Using Apache Spark helped us to get deeper insight into the patterns hidden behind the data. It was necessary to get the input values into a uniform form. Because as was expected, a lot of source files contained incomplete data or the data was in the wrong format.

The use of cloud technology accelerated the process and helped straighten inconsistencies in the data structures, that the input files contained. Thanks to use the Apache Spark environment, the whole process could be parallelized and applied over such a large-scale solution, which was not feasible from a performance point of view by using a local resources.

The task of preprocessing data was also necessary in terms of following investigations. This preprocessed data served as the basis for developing a client revenue computing program. When MDP (Markov Decision Processes) are used for modeling of selected marketing process to maximize return value of the customer [1].

5 Conclusion

In this paper, Apache Spark was used for data processing. From the above findings, we came to the conclusion that the main problem in the data was their confidentiality. This whole area is therefore based on a cloud data protection solution. One possible solution to this problem is to use homomorphic encryption. A fully homomorphic scheme can be used in many applications, and one of these can be, for example, the implementation of secure cloud computing [6].

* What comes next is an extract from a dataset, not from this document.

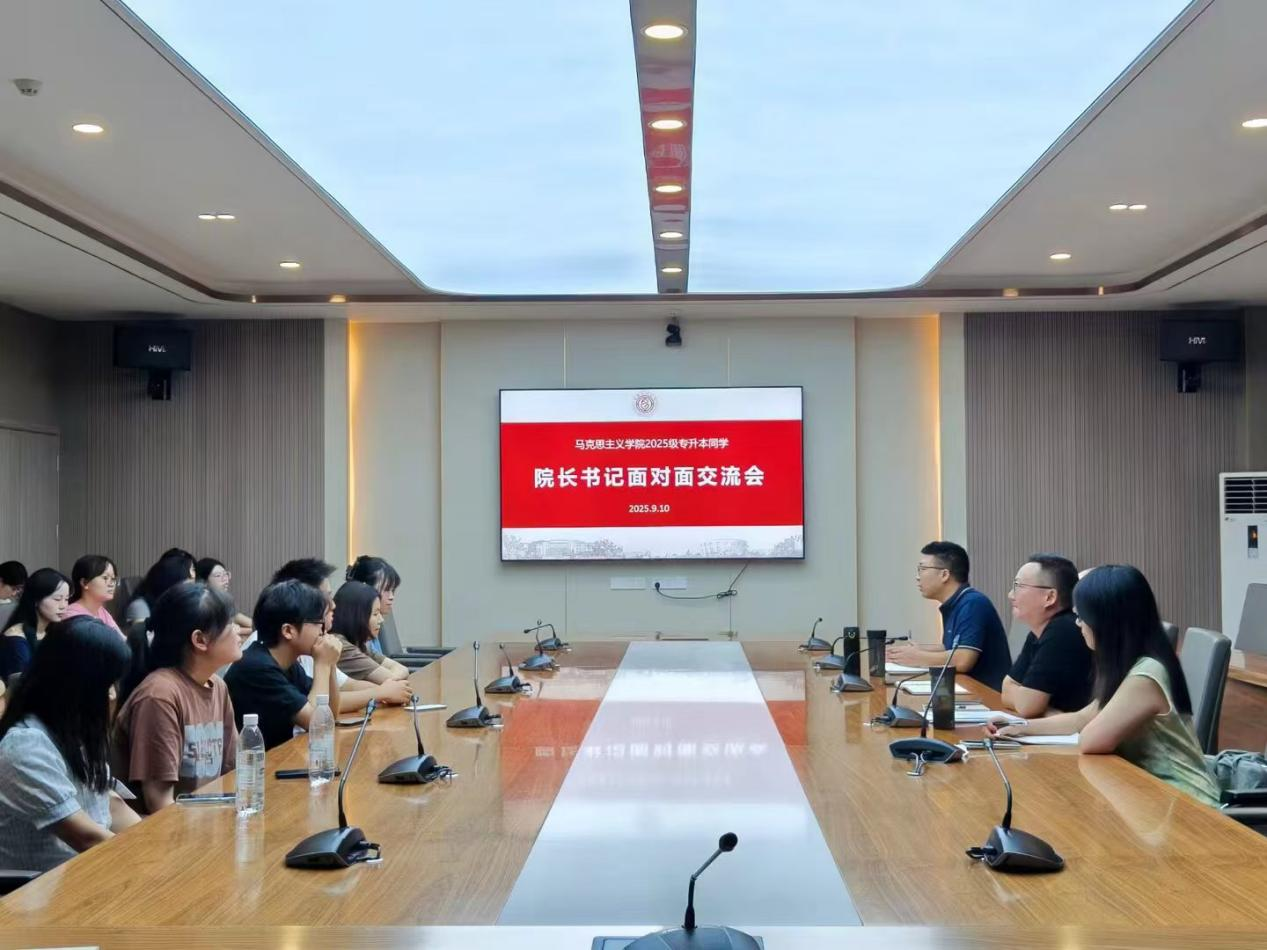 为帮助2025级专升本各位同学更快适应学院新生活,搭建同学们与学院深入交流的平台,倾听学生心声,助力更好成长,9月10日,我院于行政楼第二会议室召开2025级专升本新生院长书记面对面交流会。马克思主义学院院长夏冰,学院党总支书记古威,学院党总支副书记兼学工办主任袁久斌,思想政治教育系主任柴续续出席会议,2025级专升本全体新生参加,会议由袁久斌主持。

This problem was resolved by Craig Gentry in his dissertation, describing the use of a fully homomorphic encryption scheme (FHE). Thanks to Gentry’s technology, the analysis of encrypted information can produce as detailed results as if the original data were fully readable to all [7].

For further research, it’s crucial to find solution how to use FHE in field of cloud computing. For better continuous development and improvement of the results, we also recommend ability to dynamically scale out running environment.